Creature Feature

Creature Feature – Mange Threatens Wildlife & Pets

Posted by  //  August 15, 2022  //  Articles, Creature Feature

Sarcoptic mange is a common, widespread disease in mammals.  It is caused by a microscopic mite that burrows into the skin, igniting an immune response.  In North America, some of the most commonly affected species include red foxes, gray wolves, coyotes and, more recently, black bears.  Mange also threatens our pets.

In addition to tunneling into the skin, mites also deposit eggshells, molted skin and waste, further exacerbating an immune response in the host.  Afflicted animals can suffer miserably from intense itching, hair loss, thickening, cracked skin, and sores [photo].  Many eventually die from emaciation, secondary infections or septicemia.  Several decades ago, in parts of the U.S. and Canada, humans intentionally introduced sarcoptic mange to coyotes and wolves to control their populations – a cruel and foolish strategy.  Since then, mange has spread and is now endemic in several species.

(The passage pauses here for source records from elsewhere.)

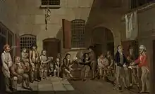 Greenway was born in Mangotsfield, Gloucestershire (near the English city of Bristol), the son of Francis Greenway and Ann Webb.[3] Greenway became an architect "of some eminence" in Bristol and Bath. His only remaining building in the United Kingdom is the Clifton Club in Bristol, originally the Clifton Hotel and Assembly Rooms. In 1809 he became bankrupt and in 1812 he pleaded guilty "under the advice of his friends", to forging a financial document, and was sentenced to death; this sentence was later commuted to 14 years' transportation. Why he pleaded guilty is unknown; he may have been told it was the only way to save his life. Whilst awaiting deportation to Sydney, Greenway spent time in Newgate Prison, Bristol, where he completed paintings depicting scenes within the prison.[4]
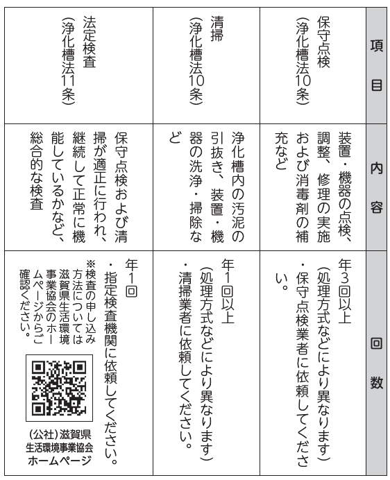 ◆浄化槽の保守点検・清掃・法定検査が法律で義務付けられています!
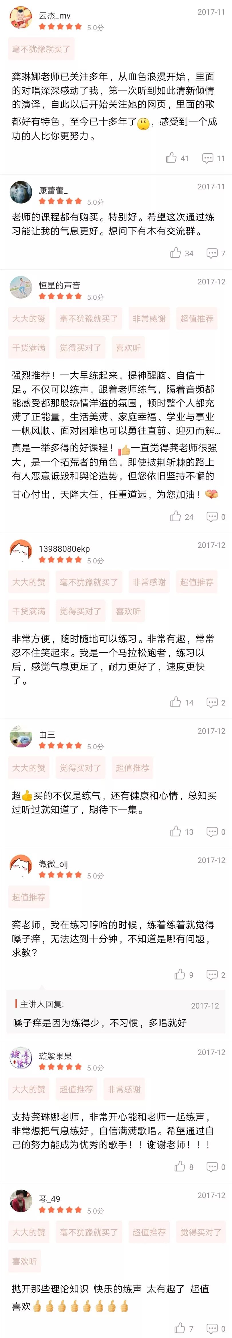 除了现实教课的经验以外,龚琳娜在喜马拉雅上有两档教唱节目《跟着龚琳娜来练声》、《跟着龚琳娜学唱歌》(可点击了解)都大受好评!
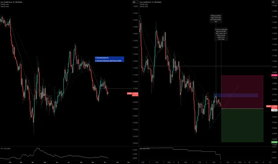 - Downtrend is indicated by EMA20 below EMA60

Mange spreads through direct and indirect contact with an infected host or a shared environment; for example, adult foxes can pass mites to their young, or your dog might develop mange after rolling in an area occupied by a diseased animal (sickly wildlife is more likely to seek human spaces).  Experts advise against feeding wild animals, which promotes the spread of mange.  

The most common medication to treat animals with sarcoptic mange is Ivermectin.  While effective, especially when coupled with supportive care, it requires multiple doses and offers abbreviated protection.  Fluralaner, the active drug in veterinarian prescribed Bravecto, is very effective, requires just one dose, and provides 2-3 months of protection to help break the reinfestation cycle.  Licensed wildlife rescue and rehabilitation specialists perform a valuable community service when they treat wild animals suffering from mange.  Consider supporting these unsung heroes with a donation today.